Below are the records; extract from them the line containing "The developer's proposed" to the line containing "士別市生涯学習情報センターの", both lines included, exactly and with no pictures.

Records provided:
========================

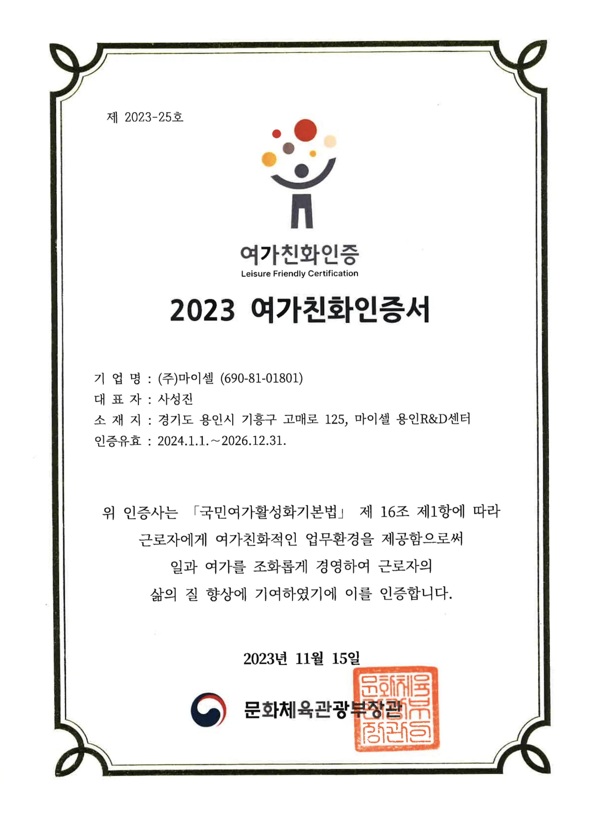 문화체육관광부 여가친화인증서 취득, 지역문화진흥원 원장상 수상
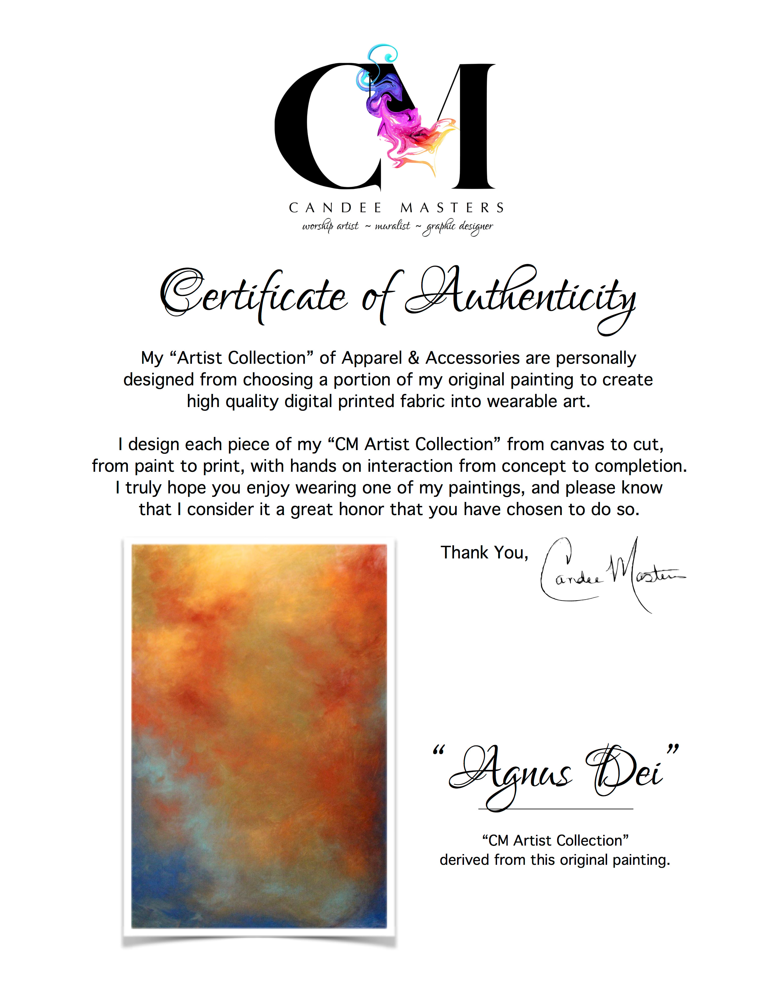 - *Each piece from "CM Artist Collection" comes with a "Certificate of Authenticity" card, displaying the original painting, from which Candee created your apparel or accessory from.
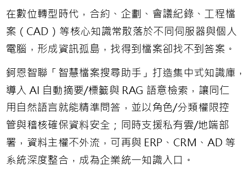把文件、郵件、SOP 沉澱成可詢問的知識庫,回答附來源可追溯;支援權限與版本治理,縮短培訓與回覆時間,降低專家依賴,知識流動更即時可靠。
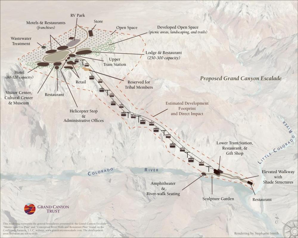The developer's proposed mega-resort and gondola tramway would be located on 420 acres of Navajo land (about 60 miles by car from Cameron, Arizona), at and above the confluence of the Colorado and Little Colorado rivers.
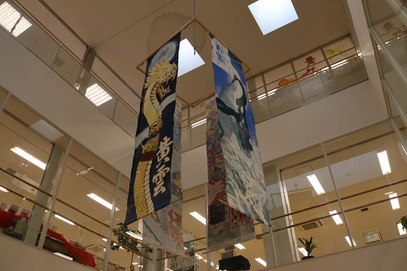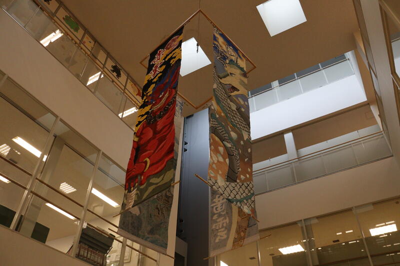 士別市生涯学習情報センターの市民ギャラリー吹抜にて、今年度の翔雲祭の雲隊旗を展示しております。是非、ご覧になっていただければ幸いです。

========================

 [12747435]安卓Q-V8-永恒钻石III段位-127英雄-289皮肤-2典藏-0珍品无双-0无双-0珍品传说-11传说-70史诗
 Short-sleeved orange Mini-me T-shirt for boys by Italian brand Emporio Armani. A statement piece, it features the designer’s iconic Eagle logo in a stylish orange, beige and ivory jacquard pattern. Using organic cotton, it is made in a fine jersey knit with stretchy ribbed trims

========================

Expected output:
The developer's proposed mega-resort and gondola tramway would be located on 420 acres of Navajo land (about 60 miles by car from Cameron, Arizona), at and above the confluence of the Colorado and Little Colorado rivers.
 士別市生涯学習情報センターの市民ギャラリー吹抜にて、今年度の翔雲祭の雲隊旗を展示しております。是非、ご覧になっていただければ幸いです。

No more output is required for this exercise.